NINNA.ID – Seiring berjalannya waktu, kuda betina yang telah diuras (disematkan) dalam ritual sebelumnya, diharapkan melahirkan anak kuda jantan. Tanda-tanya yang ditunggu, memiliki tanda-tanda sesuai dengan permintaan Mulajadi Nabolon dengan garis menyangkut Hadebataon (keilahian).
Syarat lainnya, anak kuda jantan itu harus berwarna hitam (Silintom). Jika tidak memiliki warna hitam, anak kuda tetsebut tidak akan dikurbankan. Namun jika badan anak kuda tersebut hitam seluruhnya, tidak bercampur warna lain, itulah yang menjadi kurban (persembahan) kepada sang Illahi.
Hasuhuton ([pembuat acara), memberitahu kepada Datu Pangaraksa, Datu Pangaraksa maksudnya seorang Datu (Orang pintar) yang mengetahui tentang hakekat atau yang berhubungan dengan Mulajadi Nabolon.
Datu pangaraksa tersebut menanyakan hari dan jam lahirnya anak kuda jantan tadi. Hasuhuton memberitahu termasuk segala hal-hal yang terjadi saat anak kuda jantan Lahir.
Berdasarkan ilmu Hadebataon (keilahian), Datu pangaraksa menyatakan bahwa anak kuda yang lahir benar permintaan Mulajadi Nabolon. Berarti permintaan mereka dikabulkan Mulajadi Nabolon lewat tonggo-tonggo Datu Parmangmang. Datu parmangmang maksudnya suatu pengetahuan tentang tanda tanda alam.

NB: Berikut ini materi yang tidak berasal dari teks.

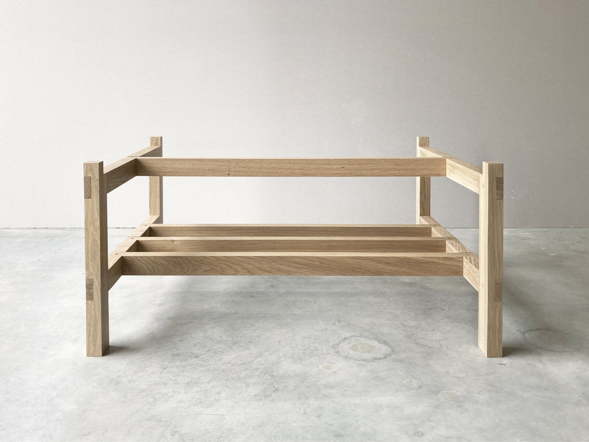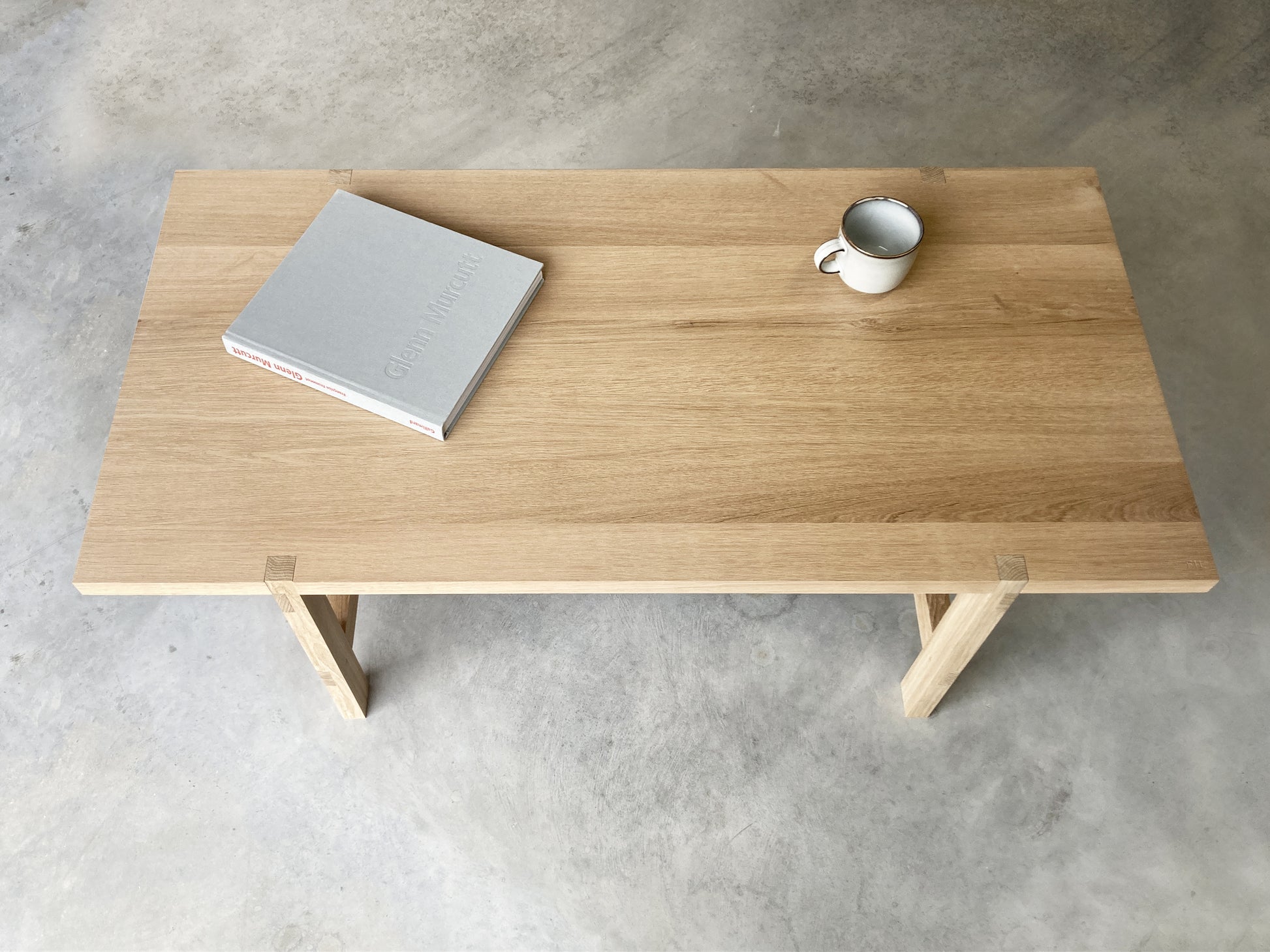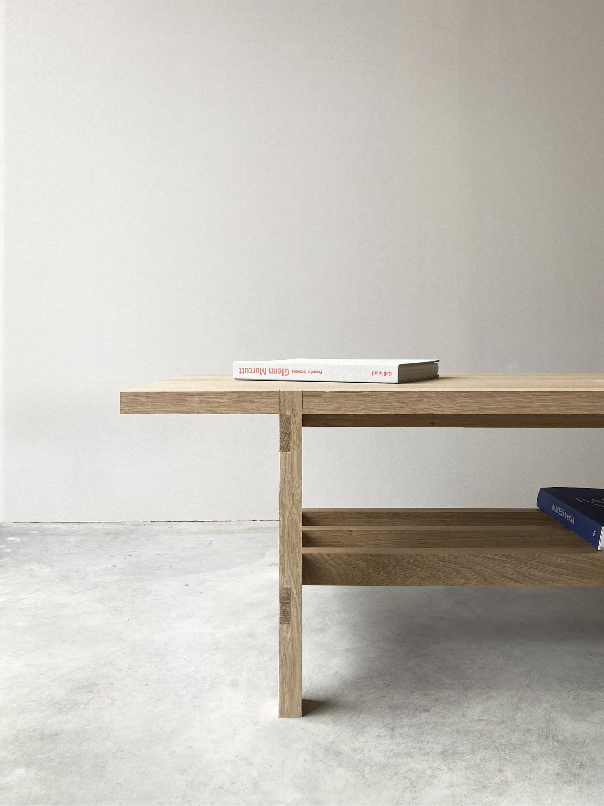 La table basse en chêne massif FIL Mobilier conjugue avec élégance design minimaliste et esprit fonctionnel.
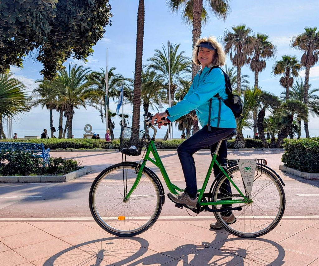 Yesterday, I rented a bike and rode 13 miles on a paved bike path along the coast in Malaga. It was a beautiful ride, but at times very crowded and confusing. I should have done it on a weekday. It was nice to do something active without having to walk π
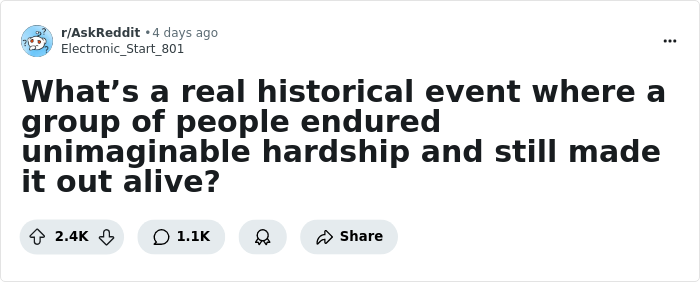 Someone asked "What's a real historical event where a group of people endured unimaginable hardship and still made it out alive?"
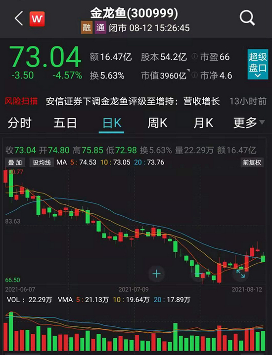 金龙鱼自2020年10月15日登陆创业板,随后一路上行,在2021年的1月11日创出145.51元的历史新高,最高市值约7887亿元。1月底以来,金龙鱼开启调整模式,在7月28日创出66.5元的年内新低,至此该股股价较历史高点已“腰斩”。
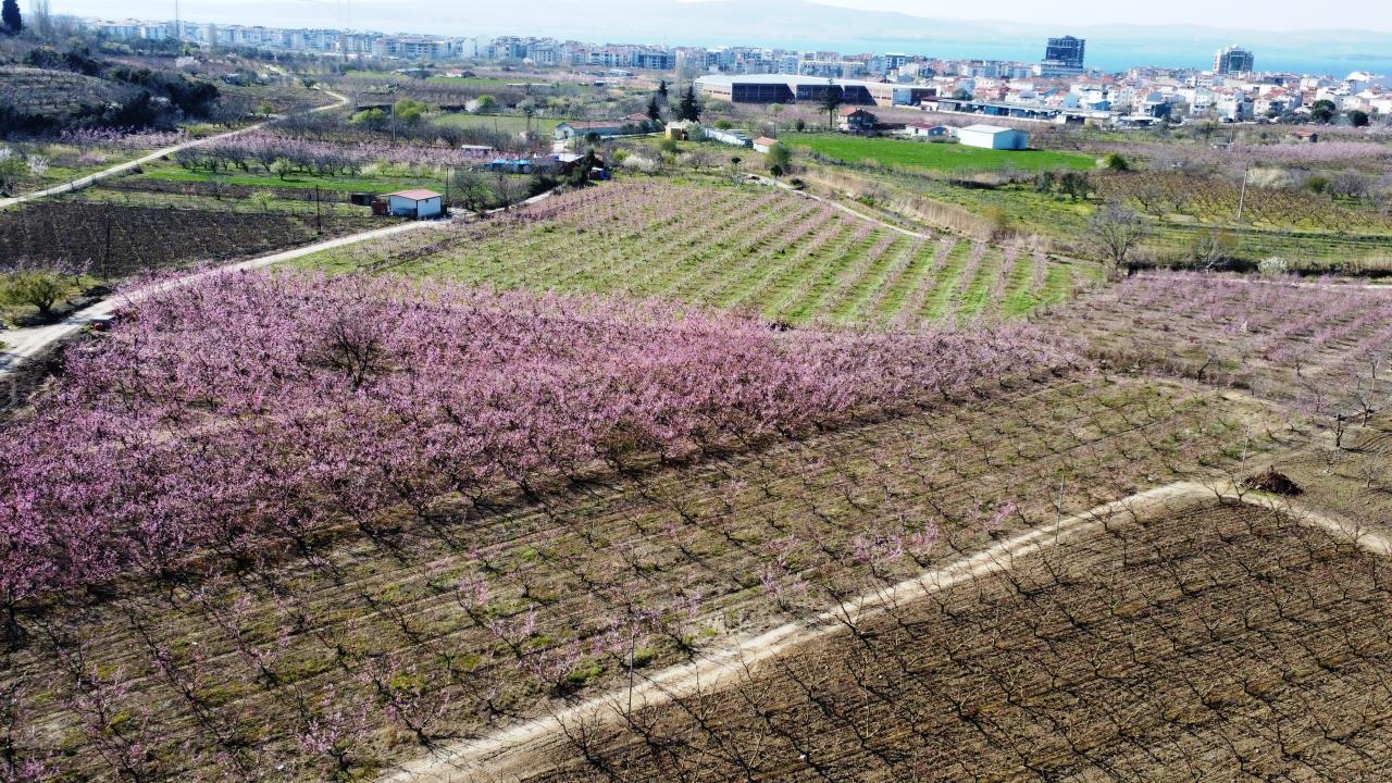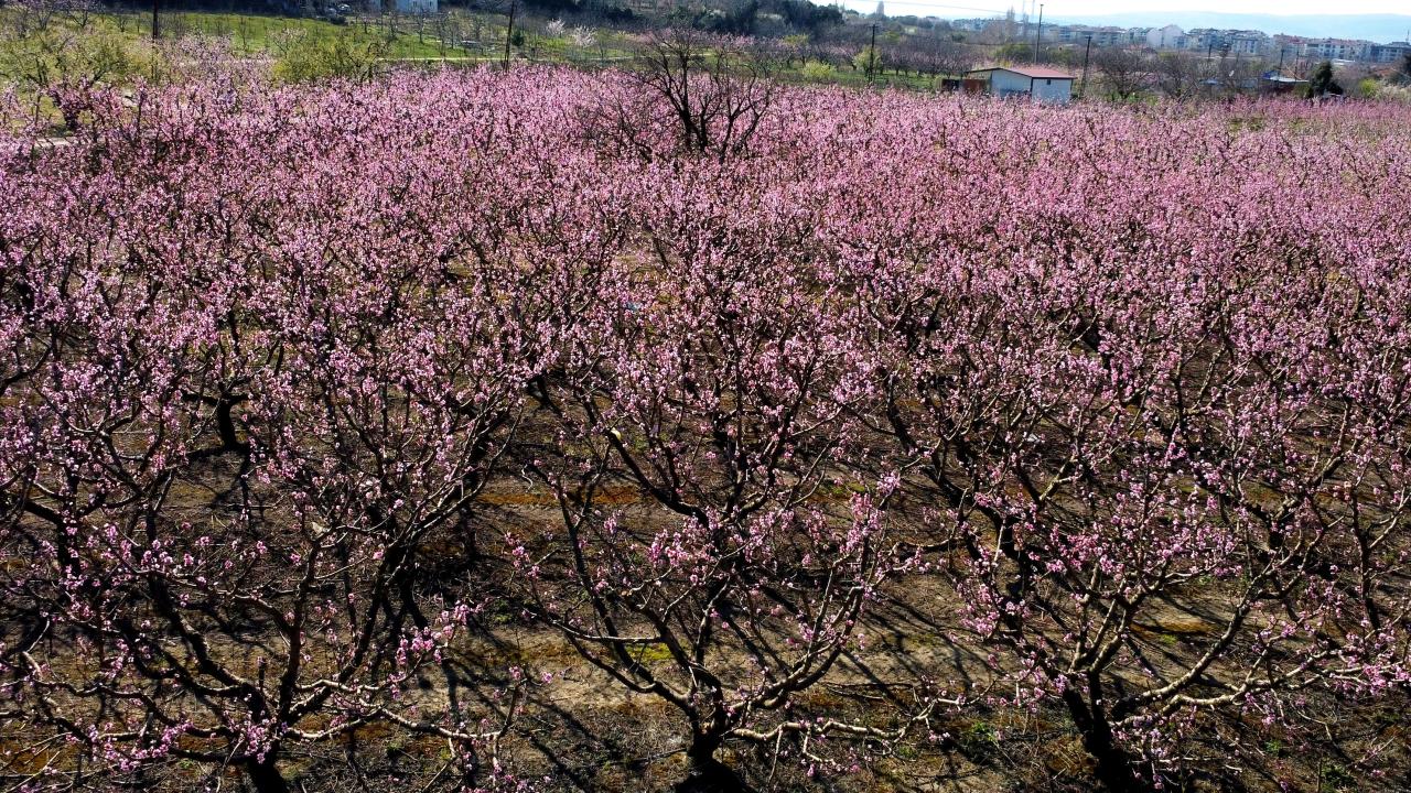 Lapseki`nin meyve bahçelerinde çiçek açan şeftali ve nektarin ağaçları doğada rengarenk görünüm oluşturdu. Meyve bahçelerindeki bu canlılık, üreticiler açısından bereketli bir hasat sezonunun da müjdecisi oldu.
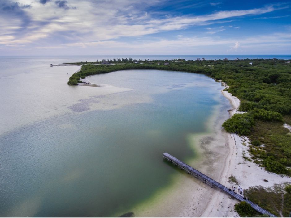 La pequeña y esbelta isla está situada al norte de la península de Yucatán, en el Golfo de México.

Dengan segera Hasuhuton memberitahu kepada Pomparan yang satu garis keturunan, bahwa benar anak Kuda yang lahir adalah permintaan Mulajadi Nabolon berkat permintaan mereka bersama. Dengan segera seluruh pomparan berkumpul untuk merencanakan kapan acara penyerahan kurban (pelean) kepada Mulajadi Nabolon.
Hasuhuton memanggil Horong Parsinabul (protokol) bersama Datu Pangaraksa, agar memberi masukan tentang tahapan acara ritual Pasahat Hoda Somba (kuda persembahan). Dalam tradisi Batak, dikenal dengan istrilah HODA SOMBA.